The Philadelphia society was modeled on the Royal Society of London, whose object and subject matter it emulated. Both societies sought to improve knowledge of the natural world and to promote progress in the useful arts. Franklin's American society would encompass "all philosophical Experiments that let Light into the Nature of Things, tend to increase the Power of Man over Matter, and multiply the Conveniences or Pleasures of Life."2 Subjects for investigation included botany, agriculture, medicine, geology, mathematics, chemistry, geography, husbandry, and the mechanical arts.
Franklin and Bartram's society failed to establish itself and was inactive by 1746. However, Thomas Bond, a Philadelphia physician, began to revive it in 1767, partly to compete with the "American Society for promoting and propagating usefull knowledge," formed in 1766 by Quaker merchants in Philadelphia.3 The two societies were merged under a combined name in December of 1768, establishing the present institution.
The American Philosophical Society Held at Philadelphia, For Promoting Useful Knowledge was organized around six committees or sections, including: (1) geography, mathematics, natural philosophy, and astronomy; (2) medicine and anatomy; (3) natural history and chemistry; (4) trade and commerce; (5) mechanics and architecture; and (6) husbandry and American improvements.4 Decided emphasis was placed upon the experimental and observational sciences, once again following the lead of the Royal Society.

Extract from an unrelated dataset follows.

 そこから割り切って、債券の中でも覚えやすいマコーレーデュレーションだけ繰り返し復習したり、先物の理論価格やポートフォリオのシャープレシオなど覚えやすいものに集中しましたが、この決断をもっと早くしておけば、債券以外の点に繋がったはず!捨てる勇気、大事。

The historical and social (or moral) sciences were not recognized until 1815, when a Committee on History, Moral Science, and General Literature was added.

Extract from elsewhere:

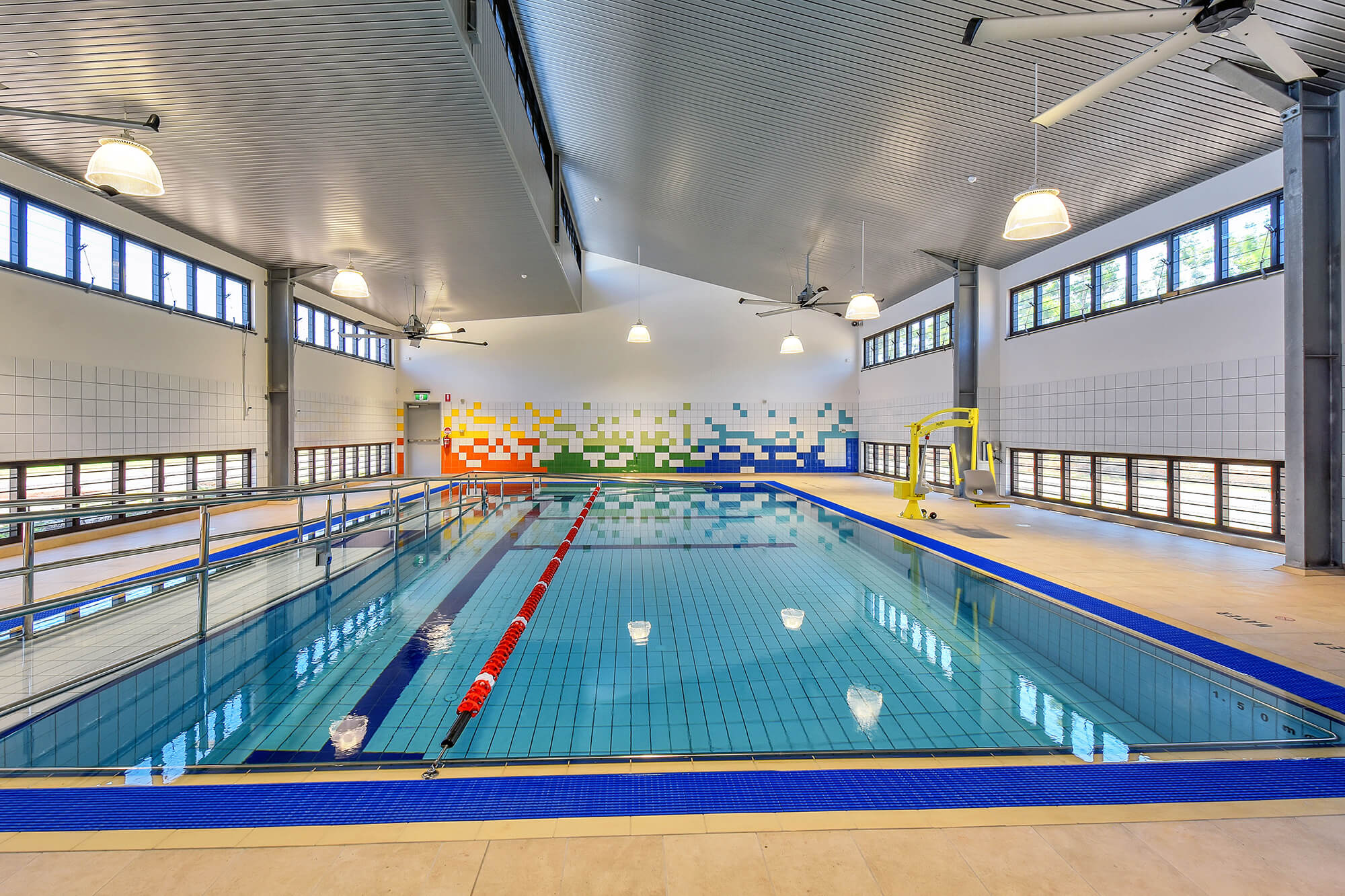 Louvre windows in a sporting facility offer efficient temperature control and air circulation, creating a comfortable environment for athletes and spectators.

First notice of the new section is found in the 17 March 1815 "Minutes" of the Society, which briefly noted that a seventh committee had been added to the six established in 1769. Nineteen members, including Peter DuPonceau and Benjamin Smith Barton, who both had a strong interest in the linguistic and ethnographic study of American Indians, attended the meeting. Four months later, on 21 July, the specific objectives of the new "Historical and Literary Committee" were enumerated. The new section was detailed the responsibility of acting to:
(1) ... form a collection of original documents, such as official and private letters, Indian treaties, ancient records, ancient maps, and such other papers as may be calculated to throw light on the History of the United States, but more particularly of this State, to be preserved among the archives of this Society, for the public benefit.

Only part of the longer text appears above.